CrossFit affiliates and functional fitness studios are strong candidates for SBA 7(a) financing because they generate recurring, service-based revenue through membership subscriptions, employ documented staff, and operate as established small businesses with two to three years of tax returns. Most CrossFit gyms in the lower middle market generate between $300K and $1.5M in annual revenue with SDE above $150K — squarely within SBA loan eligibility thresholds. A typical acquisition is structured as an asset purchase with the SBA 7(a) loan covering goodwill, equipment, and working capital. Buyers generally put down 10–15% of the purchase price, with the SBA loan covering the remainder, sometimes supplemented by a seller note of 5–10% to bridge any valuation gap. Because CrossFit businesses are often valued at 2.5x–4x SDE, a gym with $200K in SDE might sell for $500K–$800K — a size well-suited for SBA financing up to $5M. The community-driven, recurring revenue model makes these businesses attractive to SBA-preferred lenders familiar with the boutique fitness sector.

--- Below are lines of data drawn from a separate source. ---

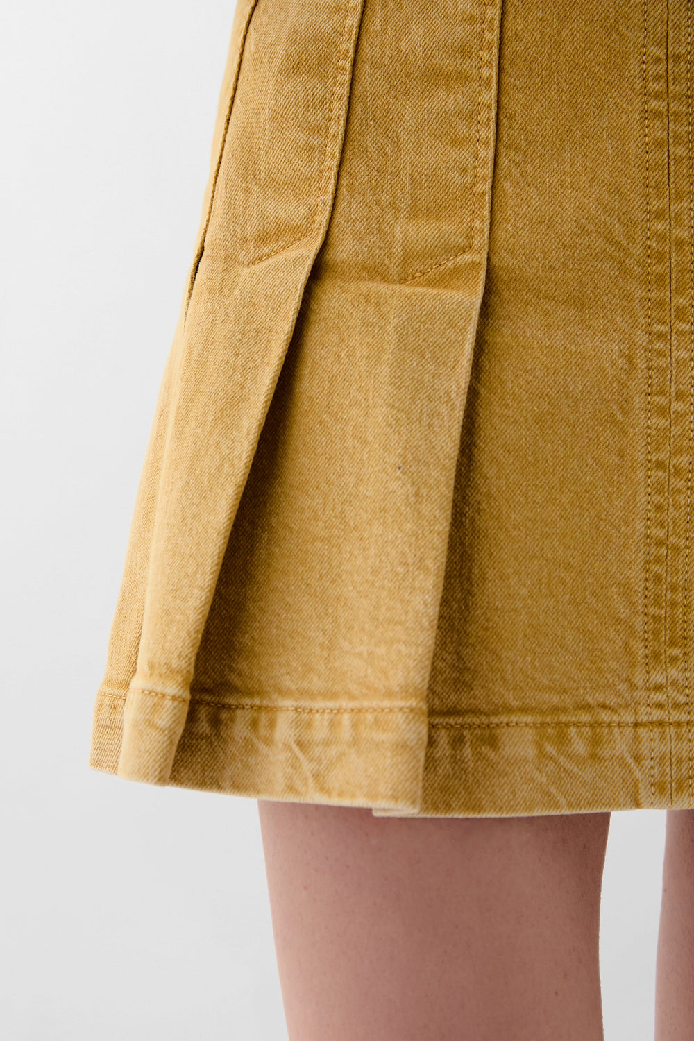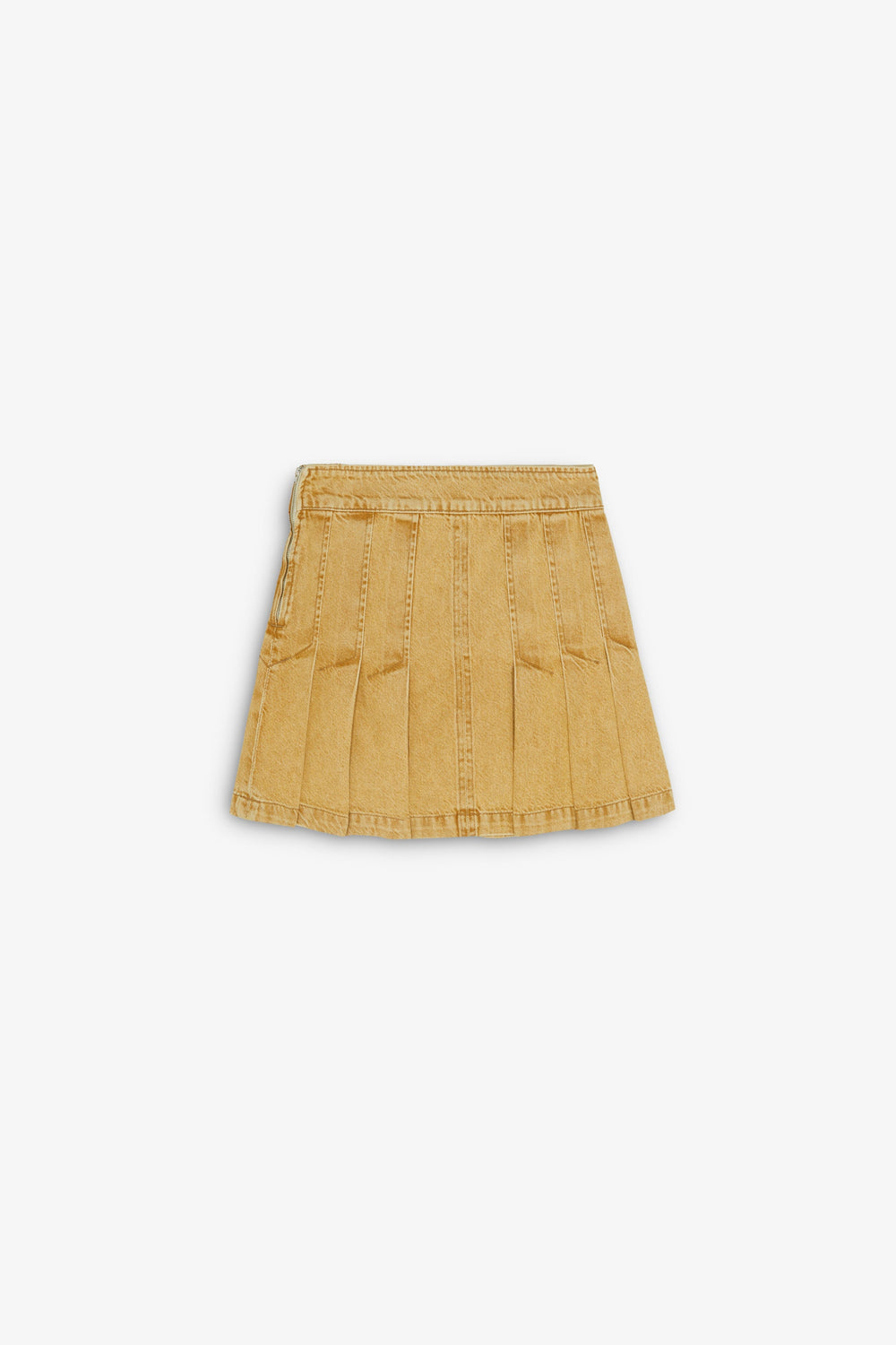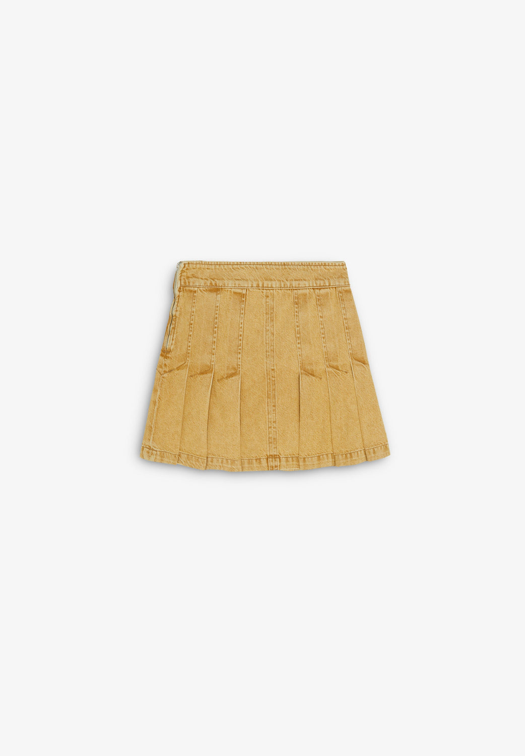 Pleated mini skirt made of 100% organic BCI cotton. Matching side zip fastening. Faded effect.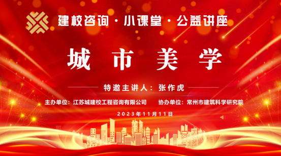 建校咨询小课堂第八期《城市美学》对外公益讲座,于11月11日下午在常州建筑科学研究院二楼工匠大厅成功举行。本次专题讲座特邀知名城市美学专家张作虎老师主讲,参加人员有市主管部门、平台公司领导,同业公司专家和技术人员,以及我公司的全体员工。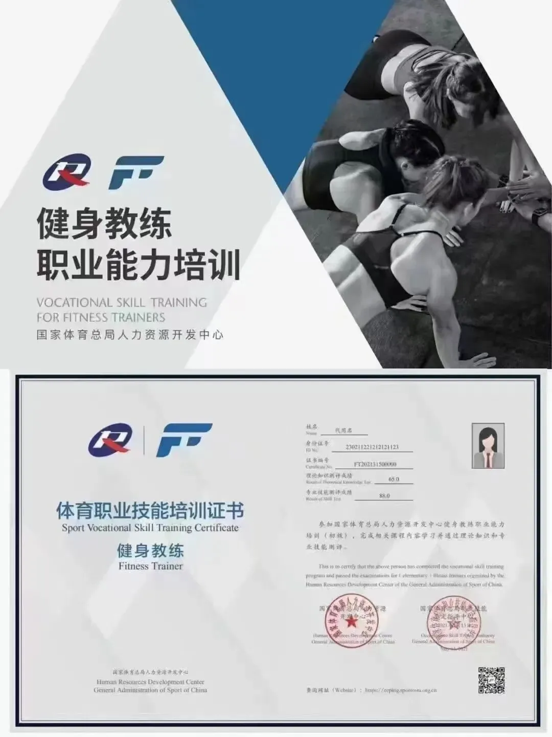 两项成绩合格者,由人力中心颁发健身教练职业能力培训证书,证书可在“国家体育总局人力资源开发中心职业能力培训测评管理平台”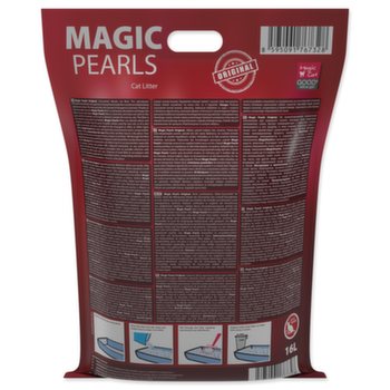 Neparfémované silikátové stelivo pro kočky. Díky mikropórům na sebe stelivo velice rychle váže tekutiny, které uzamkne uvnitř krystalků a eliminuje nepříjemný zápach. Tím zároveň zabraňuje množení nebezpečných bakterií. Díky tomuto inovativnímu procesu má stelivo Magic Pearls extrémní savost a udržuje toaletu suchou a čistou. Stelivo Magic Pearls je bezprašné a neulpívá na tlapkách a srsti zvířat, takže není kočkami vynášeno mimo toaletu. Stelivo je vhodné i pro dlouhosrstá plemena koček. Stelivo Magic Pearls v toaletě vydrží absorbovat pachy a vlhkost až 4 týdny (při použití jednou kočkou), proto je jeho použití také velice ekonomické, není třeba jej měnit tak často jako jiné druhy steliv.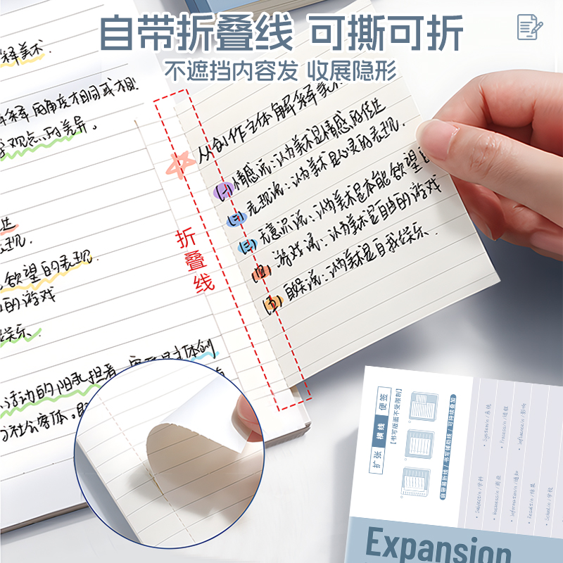 扩张便利贴可折叠有粘性便签纸可撕贴初高中生专用大号错题记事贴拓展n次贴索引贴笔记贴学校横线开学不遮挡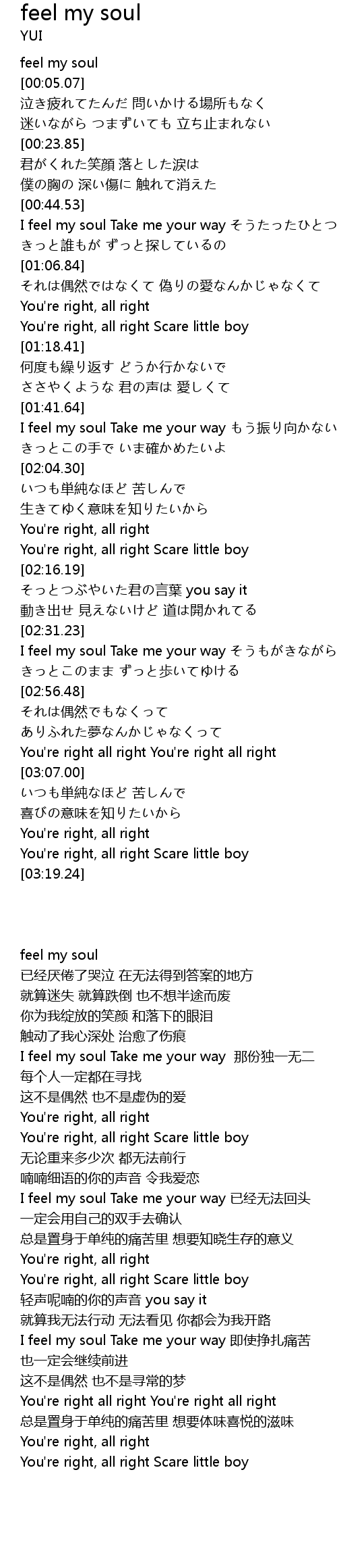 | [00:45.86] | I feel my soul Take me your way そうたったひとつを |

Down payment: Most CrossFit and functional fitness gym acquisitions using SBA 7(a) financing require a buyer down payment of 10–15% of the total project cost. For example, on an $800,000 acquisition with $50,000 in working capital included, total project cost is approximately $850,000 — requiring $85,000–$127,500 in buyer equity injection. When the target gym has a significant portion of goodwill relative to hard assets, lenders may require the higher end of 15% down to offset collateral shortfall, since CrossFit equipment depreciates quickly and may not fully secure the loan. A seller note of 5–10% of the purchase price — placed on full standby for 24 months — can be used alongside the buyer's equity injection to satisfy SBA equity requirements and reduce the cash needed at close. Buyers should also budget for closing costs, SBA guarantee fees (approximately 2–3% of the guaranteed portion), and 3–6 months of working capital reserves given the seasonal fluctuation and membership transition risk typical in gym acquisitions.

SBA Loan Options

SBA 7(a) Standard Loan

10-year repayment for goodwill and working capital; 25-year repayment if real estate is included; variable or fixed rates tied to prime rate plus lender spread, typically 6.5%–9% in current market conditions

$5,000,000

Best for: Buyers acquiring an established CrossFit affiliate or functional fitness studio as a going concern, covering purchase price, equipment, working capital, and transaction costs in a single loan facility

SBA 7(a) Small Loan

Same 10-year structure as the standard 7(a) with streamlined underwriting and faster approval timelines, typically 30–45 days

$500,000

Best for: Buyers targeting smaller CrossFit boxes with purchase prices under $500K, particularly first-time gym buyers who need a faster, less documentation-intensive approval process

SBA 504 Loan

SBA 504 debenture fixed for 10 or 20 years at below-market rates; bank first mortgage typically at variable market rates

$5,500,000 combined (SBA debenture plus bank loan)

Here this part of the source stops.